Тоже по праву мог причислять себя к ученикам несуществующей волшебной академии, запрятанной средь высоких, налитых предрассветной дымкой, столбов клена и вишен, мог носить разноцветные носки и прятать в рюкзаке плюшевые игрушки, сшитые из чего попало; тоже мог терять босые хрустальные ноги средь высокой колящейся травы и пробивать уязвимые места между пальцами лотосами да конфетными кувшинками, мог разъезжать на велосипеде по неровным асфальтированным дорогам и пугать соседских собак истошным передразнивающим лаем. И это было, в общем-то, потрясающе.

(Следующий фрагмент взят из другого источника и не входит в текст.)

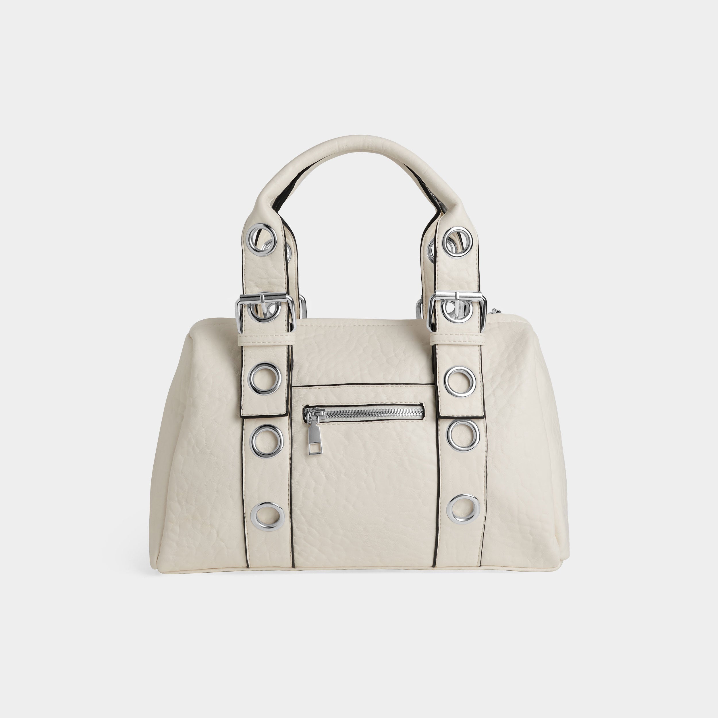 Barrel-style tote with adjustable handles. Chic grommets double as holes to lengthen the handles. Top zip reveals a spacious interior with built-in pockets for a cell phone. Zip pocket on exterior. Metal hardware. Dimensions: 12.5" W x 9.25"H x 4"D. Materials: Vegan Leather.

— Пошли ловить бабочек и загадывать желания? — умоляюще избитым щенком с недостатком внимания и синдромом гиперактивности, спросил Чан, прежде чем попытаться коснуться чужой окрепшей ладони с еле заметными проступами жилистых вздутых полос в цвет окружающей песчано-салатовой травы, но не смог; Чанбин оддернул ее сразу же, отскочил практически на пару десятков сантиметров, и обеспокоенно растер место, до которого так беспощадно домогались, будто бы на нем возникла кровоточиво-слезливая стигмата или комариный укус.
— Что ты имеешь в виду?
— Мама в детстве всегда говорила мне, что если поймать бабочку, а затем отпустить, то она унесет в небо мою мечту, и она обязательно осуществится, — сгорая то ли со стыда, то ли со вселенского смятения, уместившегося на забавной горчичной впадине меж густых бровей, Кристофер вновь подполз к нему и, кажется, начал понимать: может, у мальчишки была боязнь прикосновений, может, он на полном серьезе думал, что реально кипяточно ошпариться от ласковых, как первый майский ветер, прикосновений или он просто ненормальный, что-то из этого точно подходило. Теперь он не отталкивал, а послушным заюлившим псом восседал на месте, на нагретой вельветовой подушке из уложенной сладко-пшеничной травы и крапивных сорняков, топтал собою одуванчиковые семена и ни разу не уловил ни одного комариного кровожадного укуса. Те летали мимо него, будто бы и вовсе не замечали, будто бы не существовало живого холодного-холодного мальчика с ярко-красной разгоряченной серединой, а было лишь опустевшее и отзвеневшее от своей незаполненности, место; но мальчик точно был, правда-правда, если Крис верил, значит, не могло быть иначе.
"Вера всегда приводит к свершениям", — твердила ему мама, когда они покидали приевшийся родной город и забавно колыхались заблудшими странниками из другого мира в вагоне поезда; об нагретые маслянистые рельсы стучала тяжесть десятка вагонов, диски колес обтирались с самым противным на свете механическим скрежетом, где-то за дверью плавились шестеренки и голоса перемешивались с детскими криками, а Крис все думал, как, наверное, здорово было бы сейчас просто жить, а не грезить надеждами о том, что прямо сейчас его позвоночник раскромсает надвое этими самими заунывно распевающими колесами.
Румяный кончик носа приторно щекотнуло летним спертым кислородом — или это такое близкое дыхание Чанбина осело на его лице.
Боль всегда приводит к счастью. А ненависть — к любви.